The popular noodles, garnished with Cadbury’s Gems or MnMs, created a stir on Social Media. It was not the only one. It inspired another dessert, created by mixing crumbled Oreo cookies with boiled Maggi, much to the delight of meme-makers.

Deepa Reddy, founder of Fonce Chocolates in Hyderabad, says she still has nightmares about an encounter with chocolate dosas. “I saw it on a menu in Hyderabad and felt bad for both the dosa and chocolate. I love both, but cannot imagine putting the two together, even for the sake of experimenting.” She tried chocolate makhana (fox nut) too and was left disappointed, she says.

Nevertheless, Deepa is eager to push boundaries too: At Fonce, she has introduced potato wafers with chocolate (on the lines of popular Royce chocolate potato wafers), and also offers more conventional combinations with fresh fruits like kiwi and pineapple.

Indians are not the only ones experimenting with unexpected combinations; worldwide, there have been experiments like chocolate pasta, chocolate mushroom, chocolate Cheetos, chocolate octopus and more. And then there is the oddly seductive chocolate bacon.

In the meantime, however, many connoisseurs prefer their bars unsullied by distracting ingredients. Ameen Barazandeh, founder of the European style patisserie Feranoz in Hyderabad, says, “What goes for me, might not work for someone else. I wouldn’t want to experiment much with chocolate for my products: I like to stick to the classics.”

Chef Mandaar Sukhtankar, corporate chef at Windmills in Bengaluru, says, “At an official dinner in Italy I had the misfortune of putting oysters in chocolate sauce in my mouth. Though I gulped it down at the dinner table, the rest of the evening had me wondering how the dish was even thought of. Sometimes a dish is made to sensationalise, hence even negative publicity works. The curiosity around an unusual dish or pairing itself is enough to drive diners to the restaurant.”
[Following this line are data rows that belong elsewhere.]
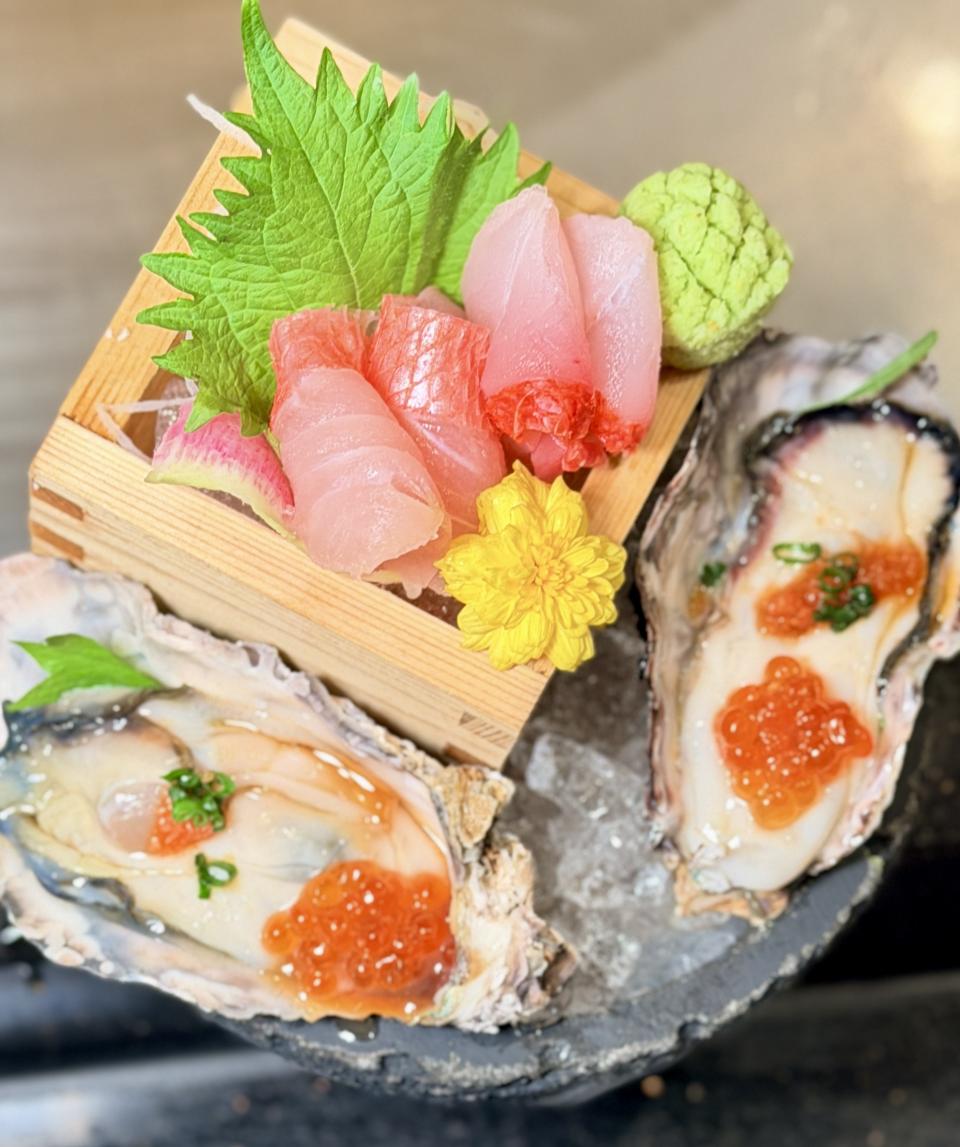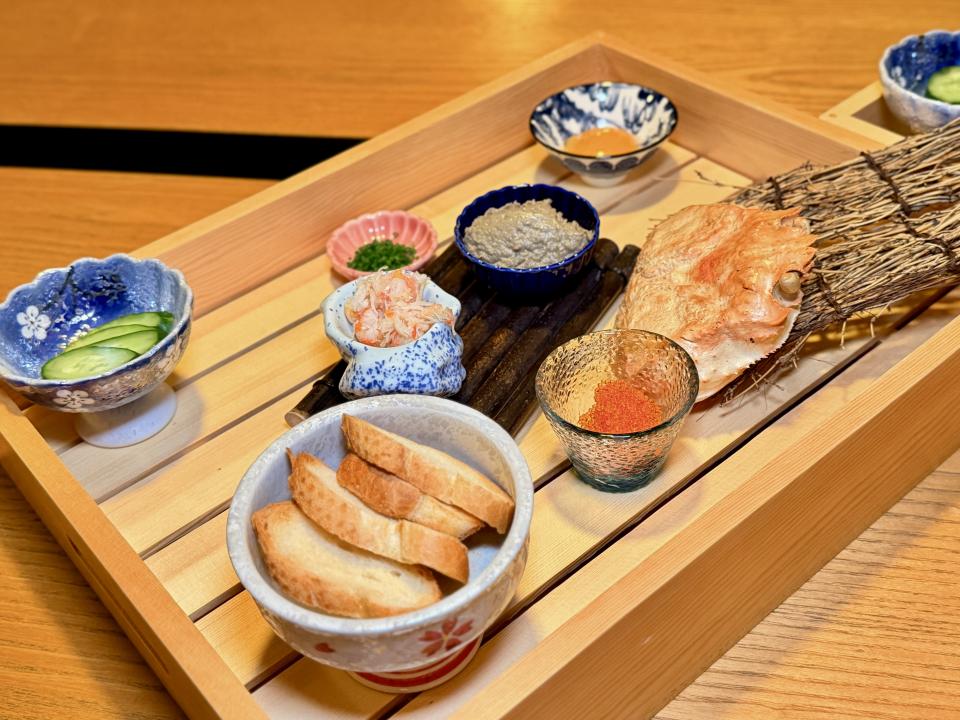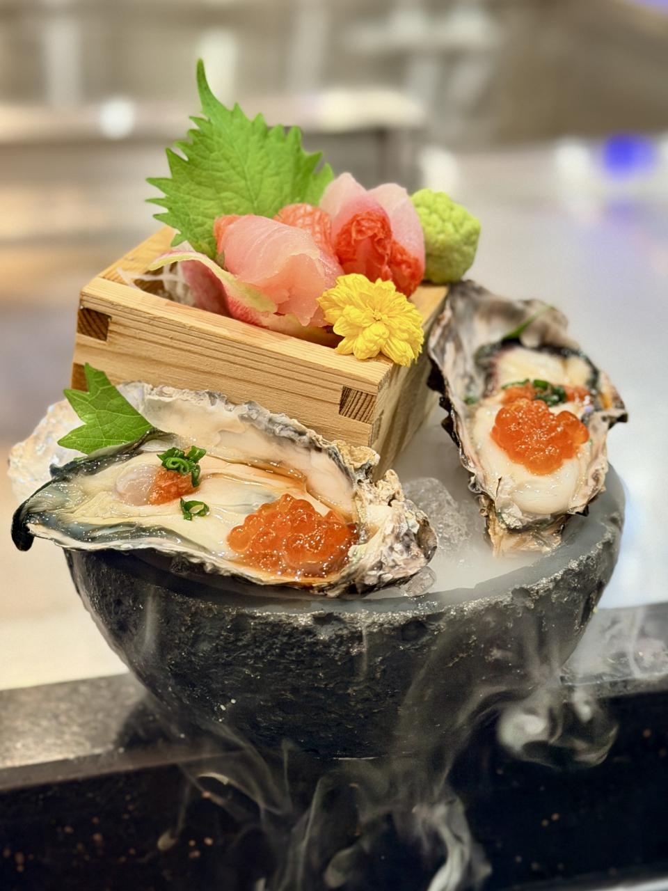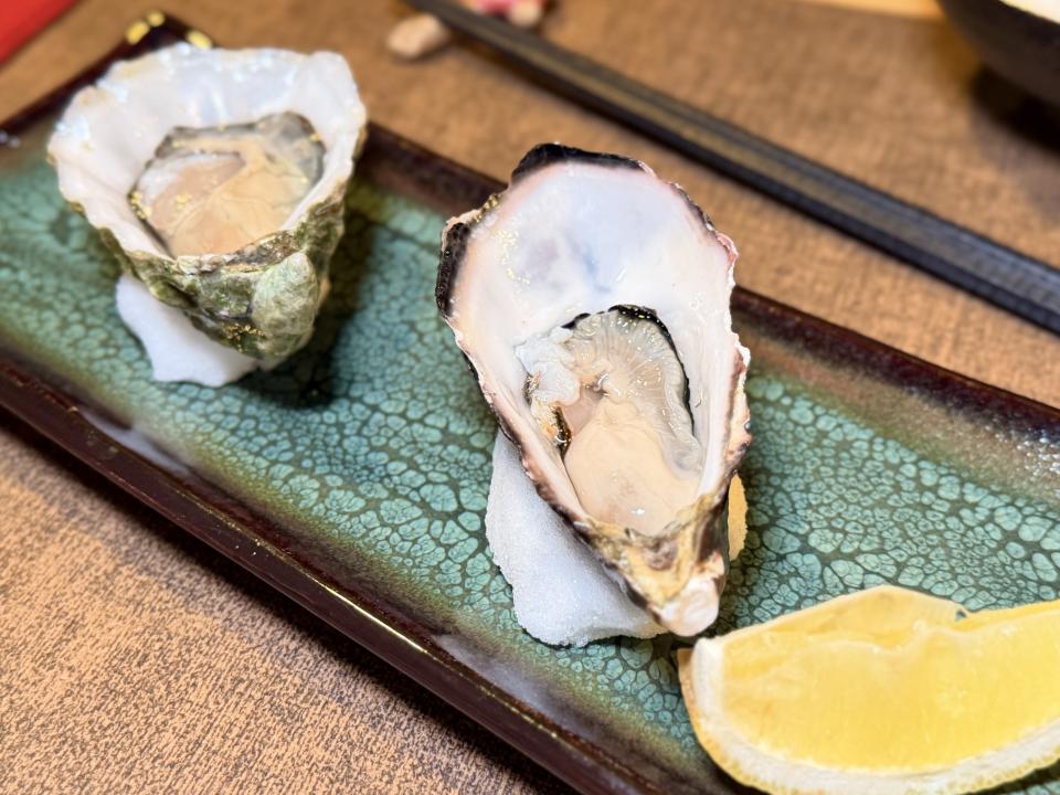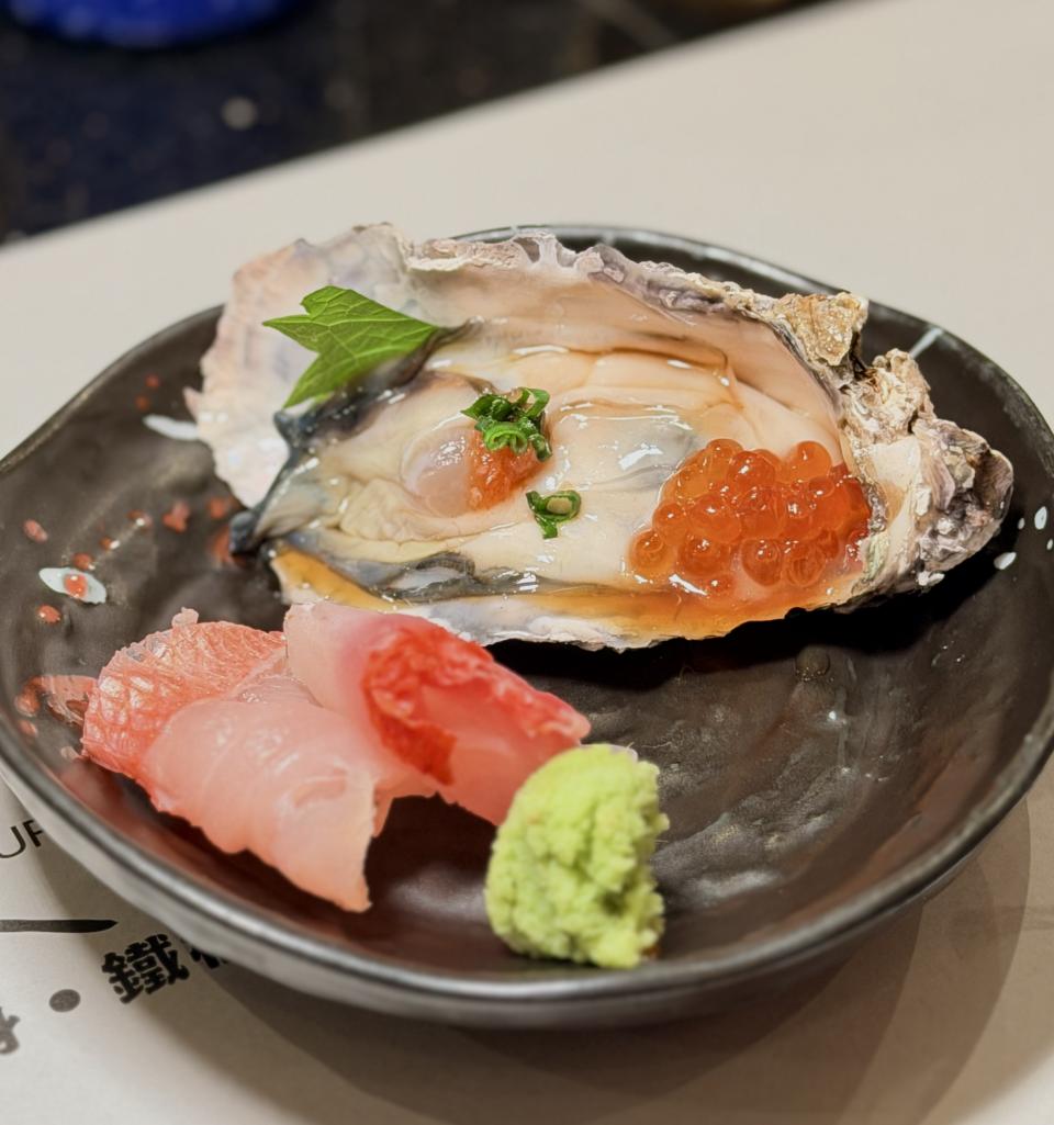 接著上場的是「金目鯛刺身及日本室津生蠔」,金目鯛刺身是細膩鮮甜的代表,室津生蠔則是濃郁鮮美的極致。兩者同場,形成「清爽 × 醇厚」的對比,既能享受魚肉的優雅,又能體驗生蠔的豪邁,正。
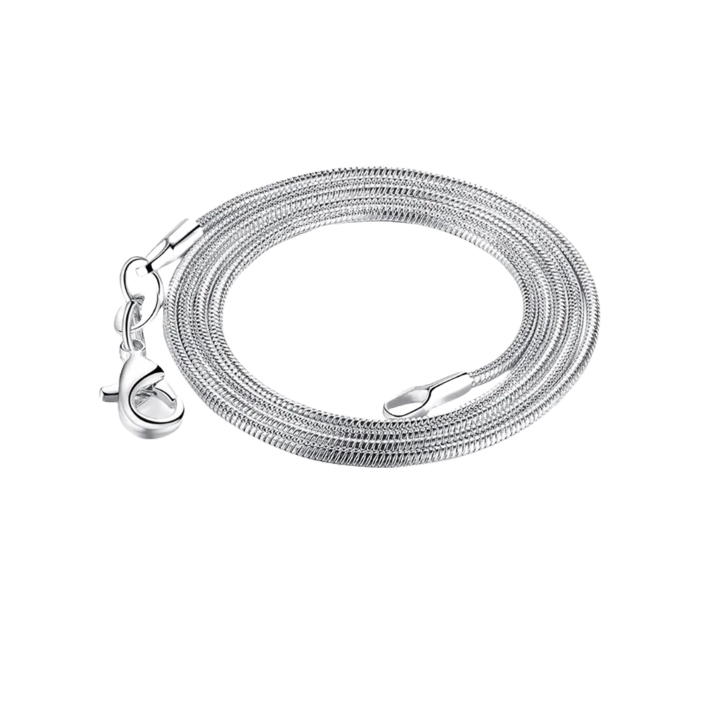 La Cadena Plateada Tipo Serpiente 45 cm es perfecta para quienes buscan un accesorio elegante, versátil y de alta calidad, ideal para cualquier estilo o ocasión.
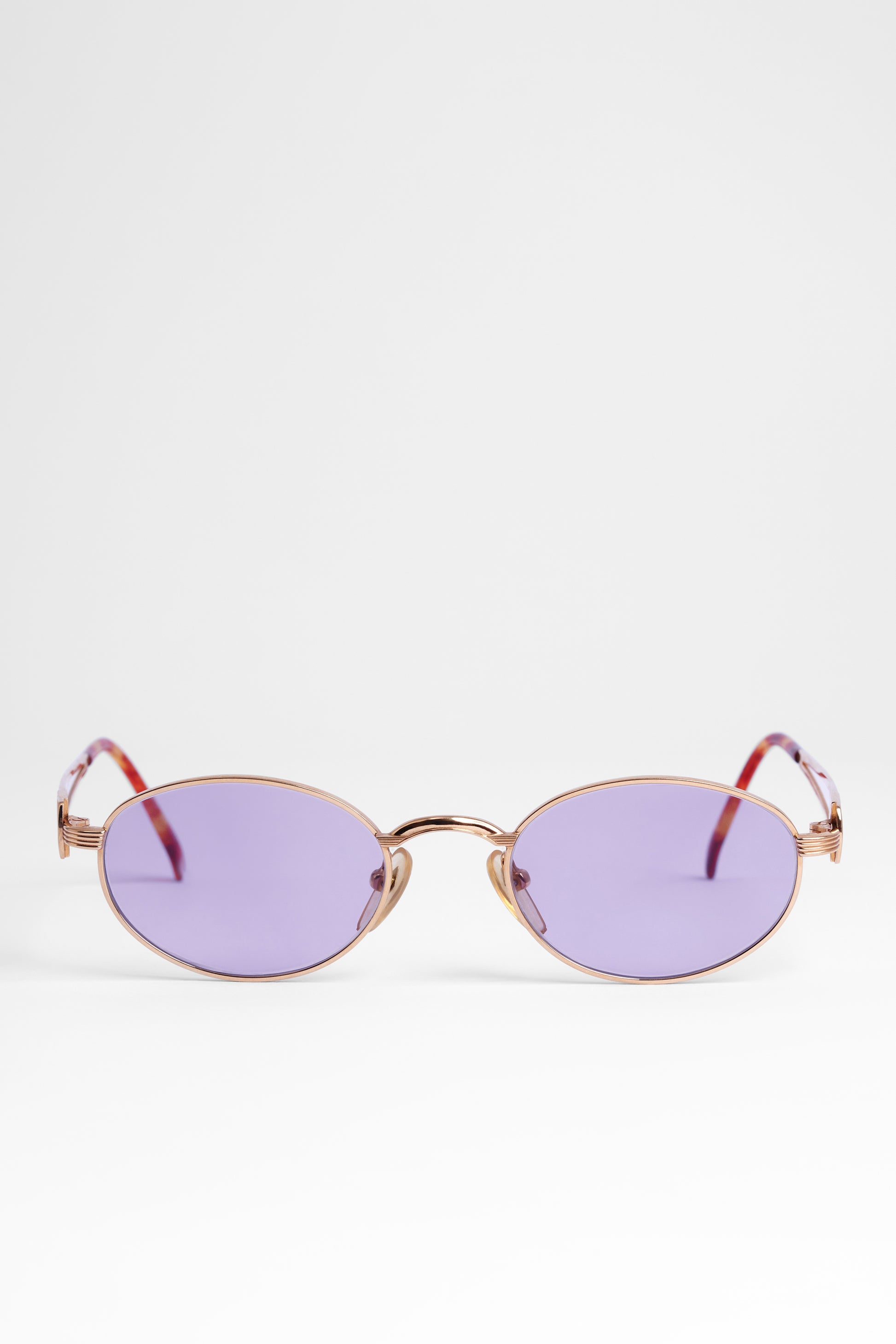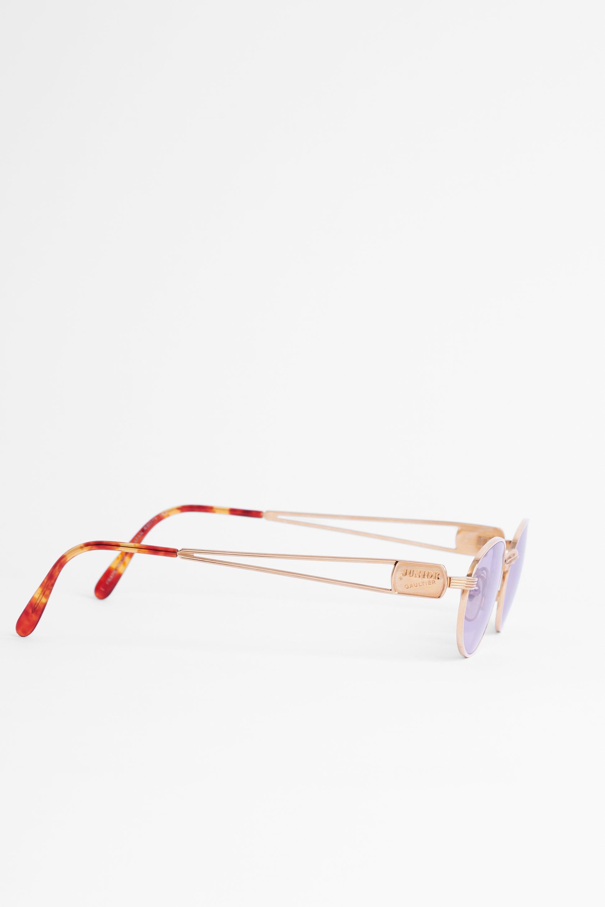 1990's Junior Jean Paul Gaultier. Features slim oval shape, gold trim, purple lenses, Gaultier stamp detail and tortoiseshell arm. In excellent vintage condition.

Undeterred? Try chocolate momo or chocolate idli, both getting startlingly easy to find now. Sheetal Saxena, founder of Colocal Chocolates in Delhi, discusses how she introduced chicken with chocolate and wine sauce, which diners would order that out of curiosity. “We eventually discontinued it because the demand wasn’t meeting the work that went into preparing the sauce. In my next experiment with chocolate bars, I will be introducing lavender chocolate and I am 100% sure it will hit the right note with chocolate lovers.”